## [Task description]
Below, some lines carry pictures; leave those pictures out and retype exactly the lines from the one with "Kuppersberg FG 76" through the one with "Knallrotes Gothic Kuscheltier".

## [Supplied information]
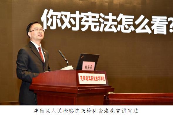 薛津主持了宪法宣传报告会,未检科干警张海亮以“宪法进课堂未检人开讲”为主题做了宪法宣讲。他以快闪的形式开场,向师生宣讲了宪法的由来、新中国宪法发展的历程、宪法的法律地位,通过穿插播放了微视频动画,生动全面的展示了检察机关维护宪法的职责,展现了宪法与公民息息相关的重要作用。深入讲解了国家宪法日的成立、宪法宣誓制度、宪法修改的内容与意义,并结合涉及大学生的案件实例,诠释了宪法的权威与崇高地位。号召师生要深入学习宪法、尊崇宪法、践行宪法,把宪法放在心里、刻在骨里。在宣讲中还通过竞答互动的形式,学生现场谈体会,加深了学生对宪法的理解。
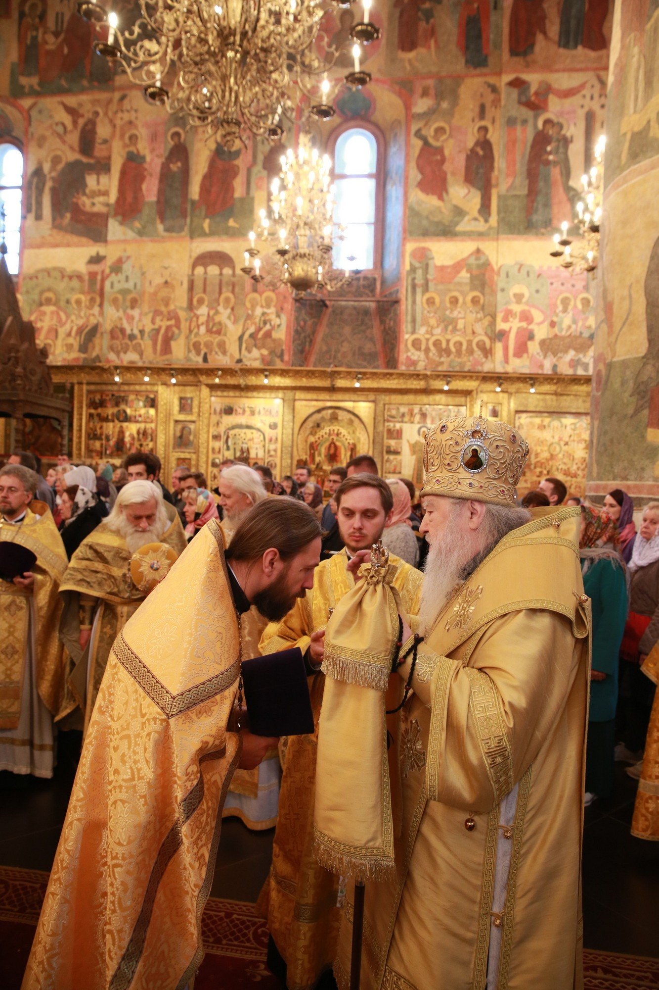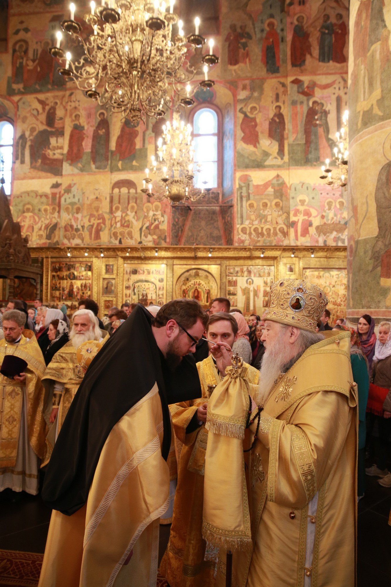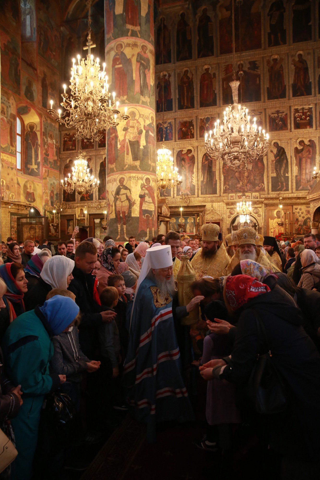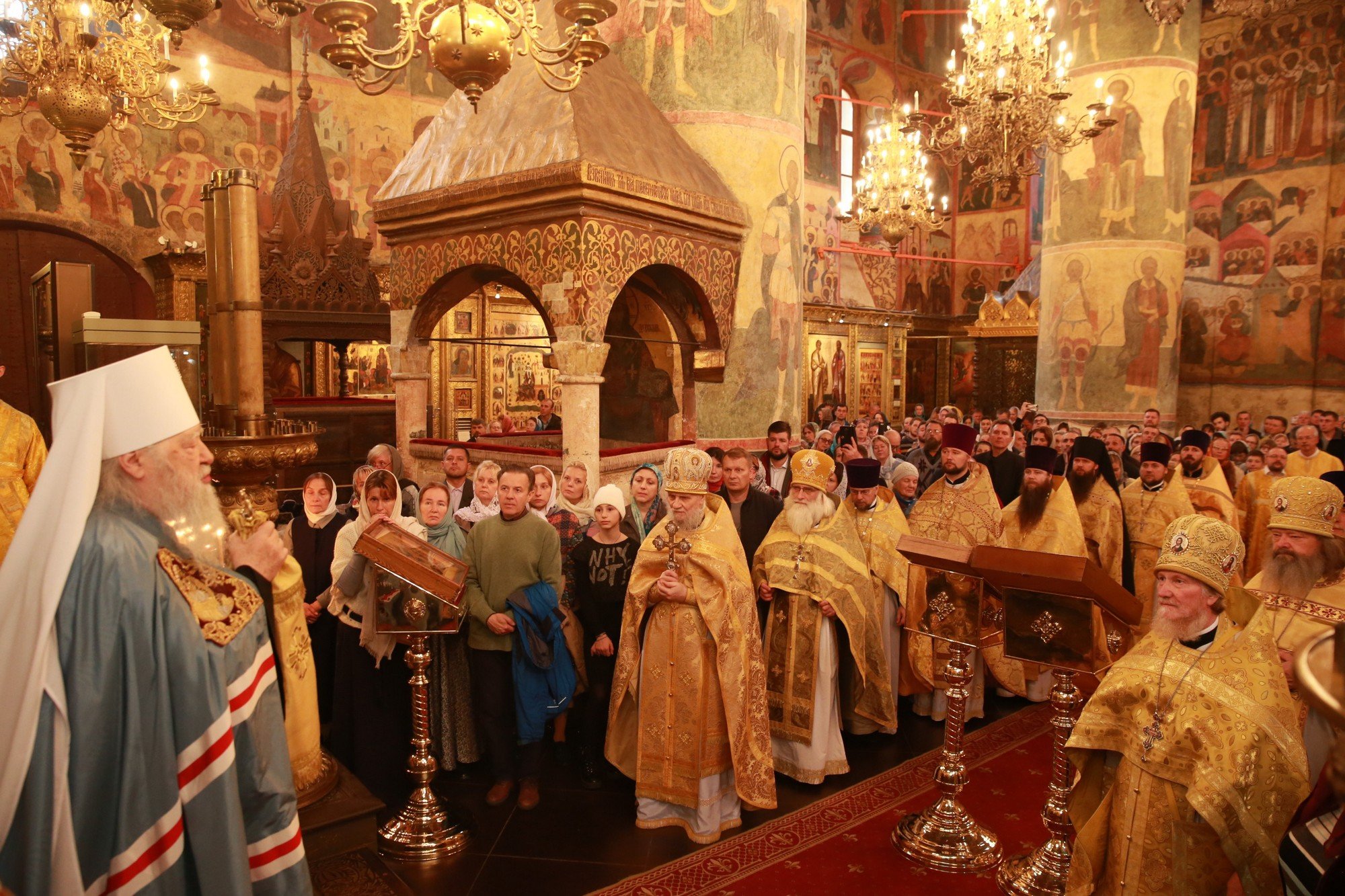 Дорогие братья архипастыри, отцы, братья и сестры! Его Святейшество Святейший Патриарх Московский и всея Руси Кирилл даровал нам великую радость, благословив вместе с московским духовенством и священнослужителями Московской епархии совершить здесь Божественную литургию. Я горячо и сердечно поздравляю всех вас с праздником, причастников и причастниц — с принятием Святых Христовых Таин. Говоря церковным языком, сегодня обильна наша духовная трапеза, потому что мы продолжаем празднование в честь Воздвижения Честнаго и Животворящего Креста Господня и духовно утешаемся, что с тех далеких времен непобедимая и непостижимая и Божественная сила Креста ведет каждого из нас ко спасению, к жизни вечной. Сегодня мы празднуем память двух святителей, Киприана и Фотия, которые в далеком XV веке возглавляли нашу Церковь. История донесла до нас свидетельства об их любви к народу Божию, о верности Церкви Христовой и о трудах по укреплению Московской кафедры. Сегодня мы счастливы, что совершили Божественную литургию у их святых мощей и испрашивали Божие благословение и их небесного предстательства за Отечество наше, Церковь нашу и каждого из нас.
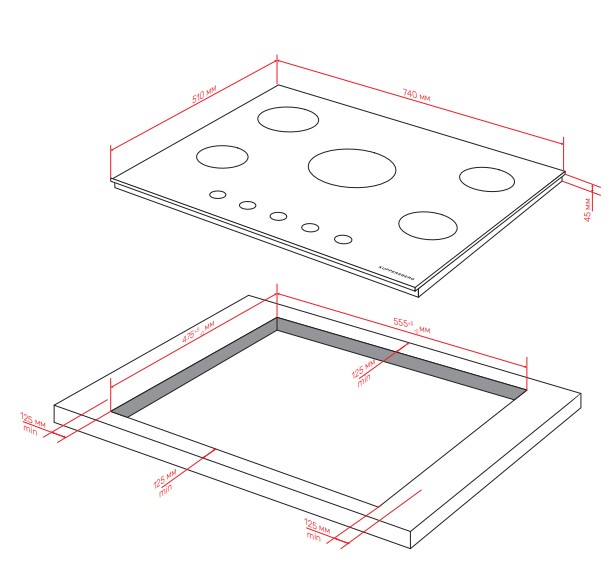 Kuppersberg FG 76 W - схема с размерами версия 2 к варочной панели на разных языках на Hausdorf
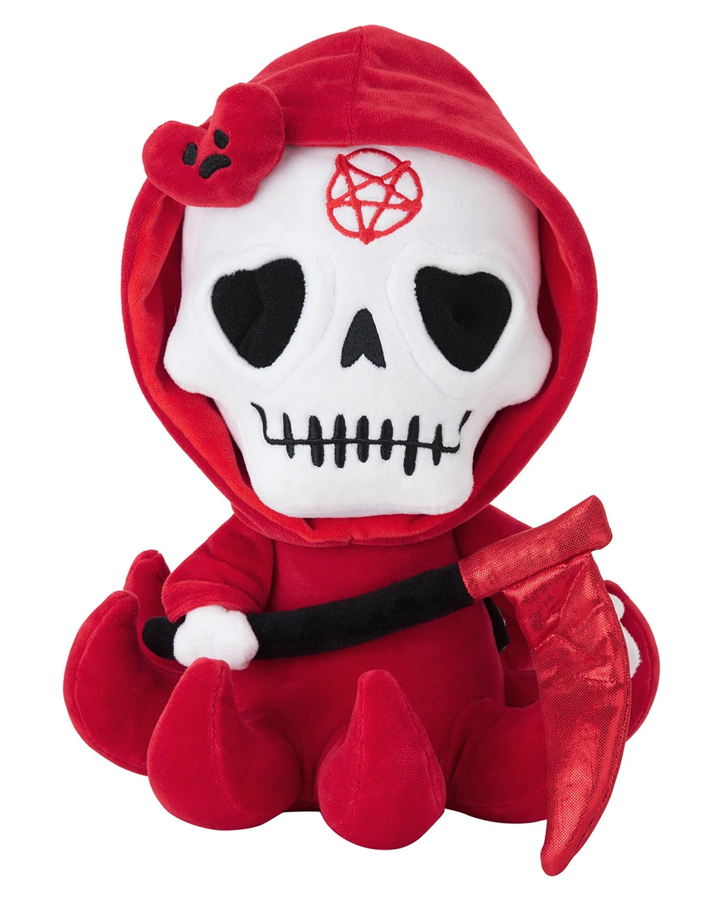 Knallrotes Gothic Kuscheltier in Geister Gestalt mit Sense
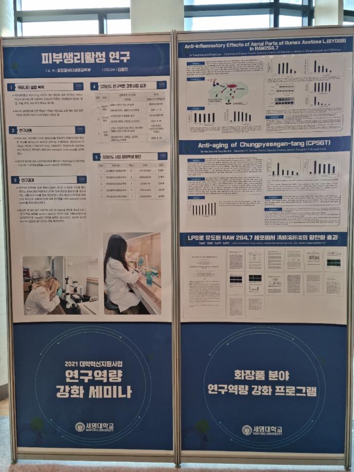본문 시작 홈으로 커뮤니티 학과소개 학과과정 대학원 커뮤니티 연구동아리 홈페이지가이드 포토갤러리 학과공지 채용정보 학과일정 포토갤러리 유튜브 인스타그램 취업현황 학생회 조직도 졸업생 숏터뷰 포토갤러리 페이스북 트위터 프린트 2021 대학혁신지원사업 연구역량 강화 프로그램 포스터 게시 화장품뷰티학부 3566 2021-12-02 학술관 1층 로비에 화장품분야 관련 연구역량강화 포스터가 게재되었습니다 :) 학부 관련 동아리에 관한 내용도 게재 되어있으니 자유롭게 방문하셔서 구경하고 가세요~ 목록 이전2021학년도 대학혁신지원사업 연구역량 강화 세미나 다음 2021학년도 캡스톤디자인 경진대회 입상_단오 팀 담당부서 : 바이오코스메틱학과 담당자 : - 연락처 : 043-649-1638 최종수정일 : 2024-10-26 만족도조사 만족도 조사 이 페이지에서 제공하는 정보에 대하여 만족하시나요? 매우만족 만족 보통 불만족 매우불만족
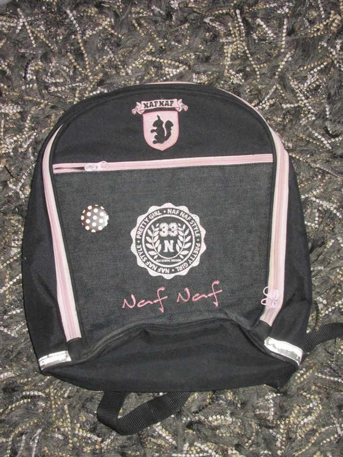 sac à dos naf naf avec une grande poche devant et 2 fermetures éclaires derrière sac à dos de taille moyenne (environ 35 cm de long)
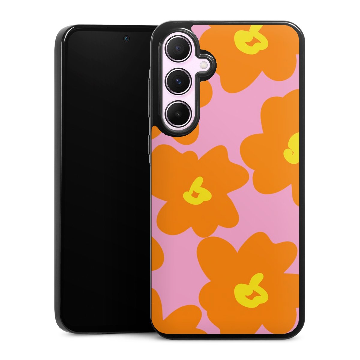 Retro floral pattern pink and orange
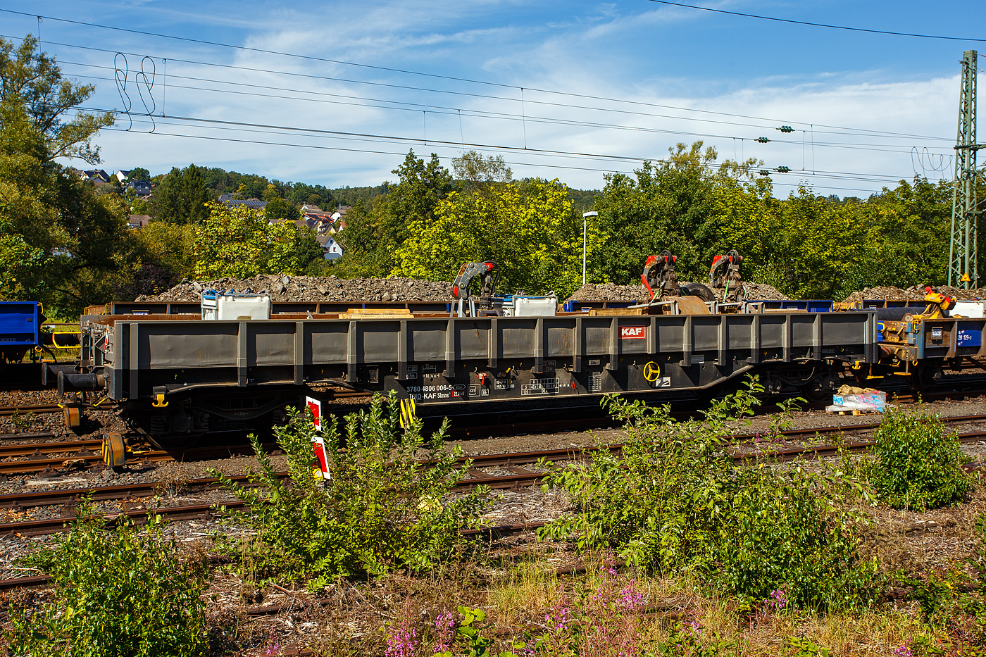 Sechsachsiger Drehgestell-Flachwagen (Schwerlastwagen), mit Rungen, jedoch ohne Stirn- und Seitenwandklappen, 33 80 482 7 016-3 D-RCW der Gattung Sammnps 482, eingestellt durch die Rail Cargo Group (zu ÖBB) in Deutschland, am 20.04.2018 im Zugverband bei der Durchfahrt im Bahnhof Bonn-Beuel, hier beladen mit U-Stahl (warmgewalzter Profilstahl in Herstellungslänge vom 12 m). Nach dem Aufkleber (MFI) zu urteilen, gehört der Wagen der MFI - Matériel Ferroviaire et Industriel S.A. und ist über die RCW eingestellt.
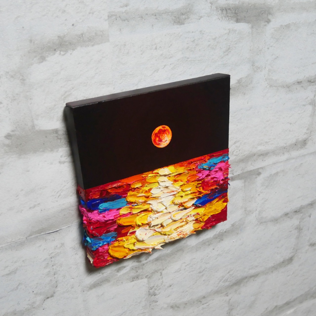 【作品名】:油絵 絵画 アートパネル【オレンジの満月】
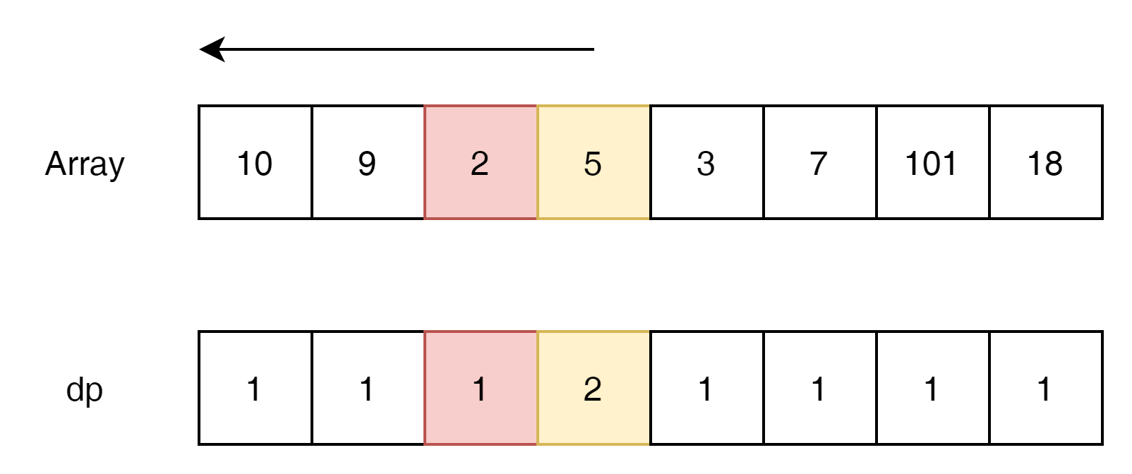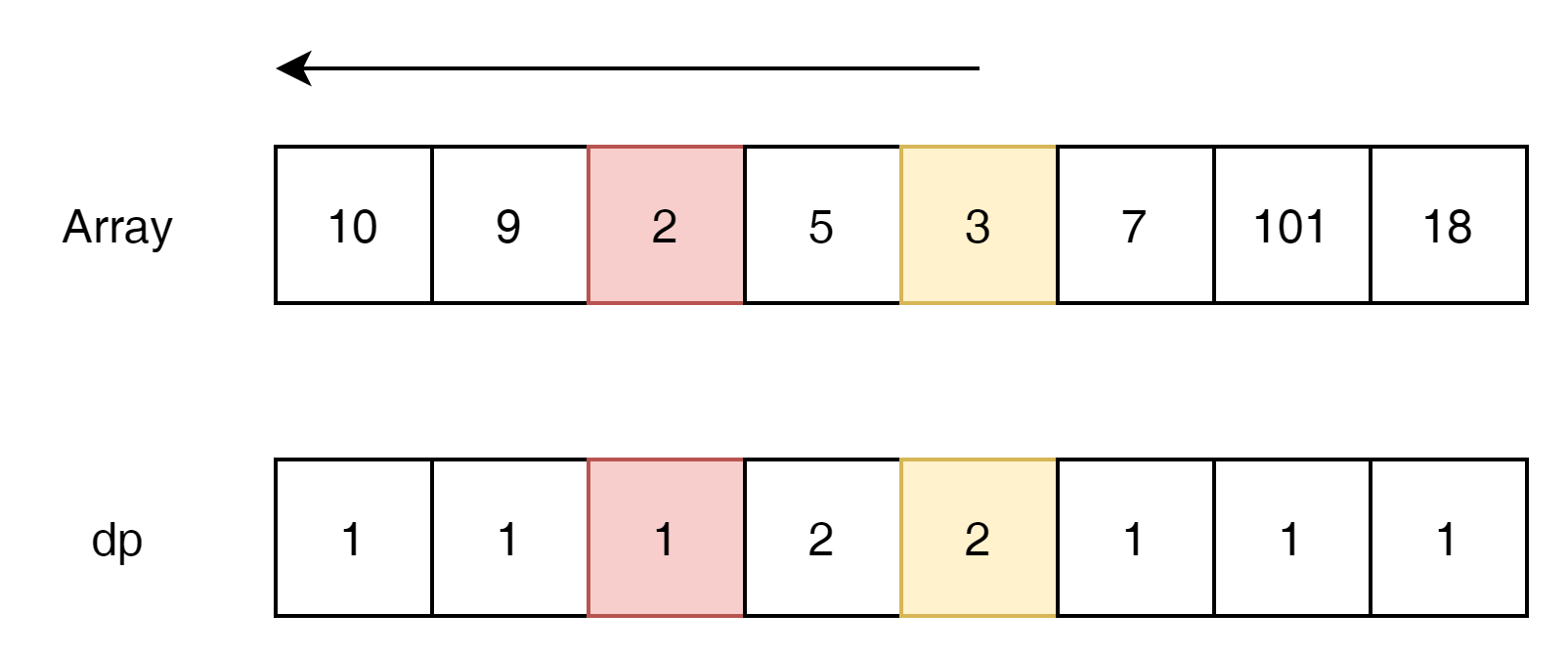 위의 방법과 같다면, "2->3->7->101" 7이후가 18이 들어갈 수 있는 직전 위치라는 것을 순차적으로 검색 했기 때문에 알 수 있다.
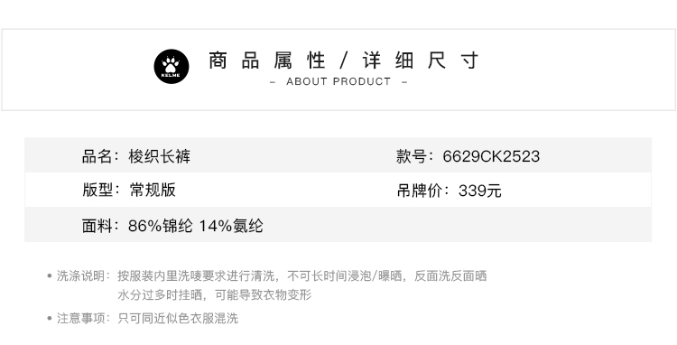 卡尔美女士梭织长裤6629CK2523

## [Written solution]
 Kuppersberg FG 76 W - схема с размерами версия 2 к варочной панели на разных языках на Hausdorf
 Knallrotes Gothic Kuscheltier in Geister Gestalt mit Sense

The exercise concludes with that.